I Don’t Know whether lust is a human coarseness or a human fineness: I don’t know why death holds a so sweet lure since it would take away my Body: I don’t know that I wouldn’t deny my Christ, if I had one, three times before a given cockcrow: I don’t know on the other hand that I would: I don’t know whether honor is a reality in human beings or a pose: I don’t know that I mayn’t be able to think with my Body when it is in its coffin.

I Don’t Know what makes each day a Day of dark Gold and life mournfully precious: I don’t know where is God: I don’t know how they make tea in Ireland: I don’t know how to pronounce the word ‘girl’: I don’t know how to make lace: I don’t know whether I hear a sound or feel it, nor why a spool of thread looks exactly like a Spool of Thread.

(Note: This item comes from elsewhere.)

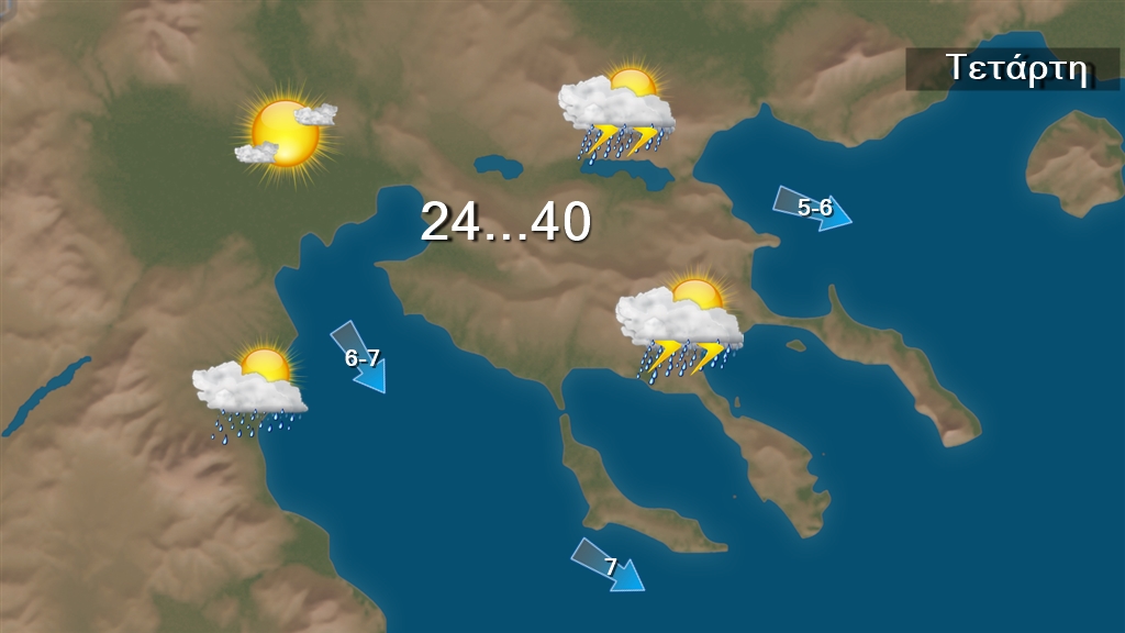 Σήμερα Τετάρτη προβλέπεται γενικά αίθριος καιρός, όμως από το μεσημέρι στη βορειοδυτική χώρα και πιο συγκεκριμένα στο βόρειο Ιόνιο, την Ήπειρο και τη δυτική Μακεδονία η καιρική κατάσταση θα αλλάξει, με πρόσκαιρες καταιγίδες και κυρίως με πολύ ενισχυμένους δυτικούς βορειοδυτικούς ανέμους. Τα έντονα αυτά φαινόμενα θα επηρεάσουν από το απόγευμα την κεντρική Μακεδονία, τη Θεσσαλία και τις Σποράδες και βαθμιαία το βόρειο Αιγαίο. Οι άνεμοι θα πνέουν νότιοι νοτιοδυτικοί 3 με 5 μποφόρ, γρήγορα όμως στα δυτικά και βαθμιαία στην υπόλοιπη χώρα θα στραφούν σε δυτικούς βορειοδυτικούς 4 με 6 και πρόσκαιρα τοπικά 7 μποφόρ. Η θερμοκρασία σε πολλές περιοχές της ανατολικής χώρας θα σημειώσει άνοδο κατά 1 με 2 βαθμούς. Οι μέγιστες τιμές θα φτάσουν στη Θεσσαλία, την ανατολική Στερεά και την ανατολική Πελοπόννησο τους 43 με 45 βαθμούς και τοπικά στο εσωτερικό της ανατολικής Στερεάς και της ανατολικής Πελοποννήσου τους 46 βαθμούς Κελσίου. Στη Θράκη, την κεντρική και ανατολική Μακεδονία, τη δυτική Πελοπόννησο και τα νησιά του ανατολικού Αιγαίου θα φτάσουν τους 40 με 42 βαθμούς, στην Κρήτη, τις Κυκλάδες, τις Σποράδες και τα Δωδεκάνησα τους 39 με 41 βαθμούς και στα νησιά του Ιονίου, την Ήπειρο, τη δυτική Στερεά και τη δυτική Μακεδονία τους 38 με 39 βαθμούς Κελσίου.

I Don’t Know—I Don’t Know—I Don’t Know, rapidly, to the end of the mystic common-place infinitudes.

—those give me a clear look, as if through an uncurtained window into a bare little room, at my quietest self sitting knitting or plaiting straw—

[A life-long lonely word]

To-morrow

FLEETING times I wonder if it is my defect or others’ that no human family tie holds and warms me.

There is none. I think about it with wistfulness.